How to spot an online dating scam
Online dating is challenging enough, without having to worry about scammers. After all, you may be fretting that the photos you've posted don't show you at your best. You may be wondering why you don't get more "likes" or "smiles" from the men or women you're trying to attract. And you may be worried about how things will go, if you meet someone in person for a date.
But if you aren't a little concerned about online con artists, you should be.

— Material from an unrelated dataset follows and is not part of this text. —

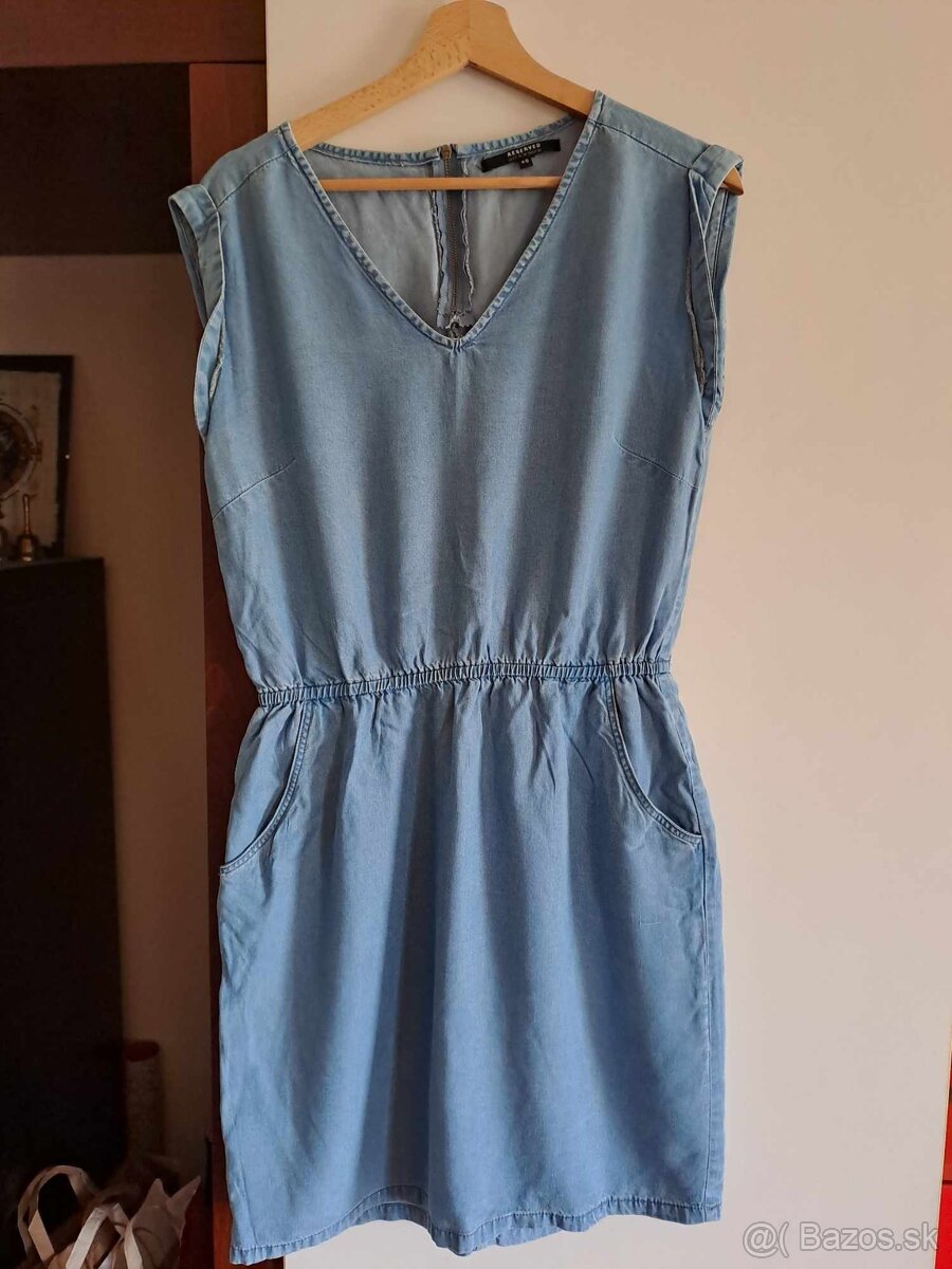 Letné riflové tenké šaty. 2 vrecká, vzadu hore zips, v páse guma, velkost 40

As online dating has become more popular and mainstream – Match.com is celebrating its 20th anniversary this year – and more and more dating sites are cropping up, the risks of falling prey to greedy scammers is becoming greater.
Last year, the Better Business Bureau received over 4,000 complaints about dating sites; many gripes were about billing or other service-related issues, but there were enough protests about unsavory characters that the BBB put out a notice, warning consumers to be on the lookout for scammers. The Federal Trade Commission also frequently issues reports on online romance scams. There's even a name for what these con artists do: Catfishing – that is, posting a fake profile and hoping you'll take the bait.

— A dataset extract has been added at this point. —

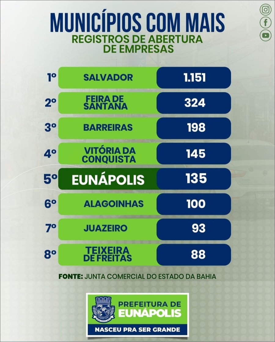 Eunápolis conquistou o quinto lugar no ranking das cidades baianas que mais abriram empresas em outubro de 2022, comprovando a ascensão do município eunapolitano perante o cenário de desenvolvimento econômico estadual, resultado do investimento da gestão na desburocratização da abertura de novos negócios.

So how can you tell the fakes from the flakes; the catfishes from the real catches? There are definitely some warning signs to be looking out for.
If someone wants your personal information too quickly. If you're writing each other back and forth over email, or you're talking on the phone, of course, you're going to want to share information about yourself. But don't share more than you're comfortable with, or before you feel the time is right, says Carole Brody Fleet, an Orange County, California-based speaker who has presented on online dating and has authored several books, including an upcoming title, "When Bad Things Happen to Good Women."
And Fleet notes that men should be wary of online scammers, too.
No matter your gender, "if someone is pushing you to reveal any personal information too soon, it should serve as a warning sign," Fleet says.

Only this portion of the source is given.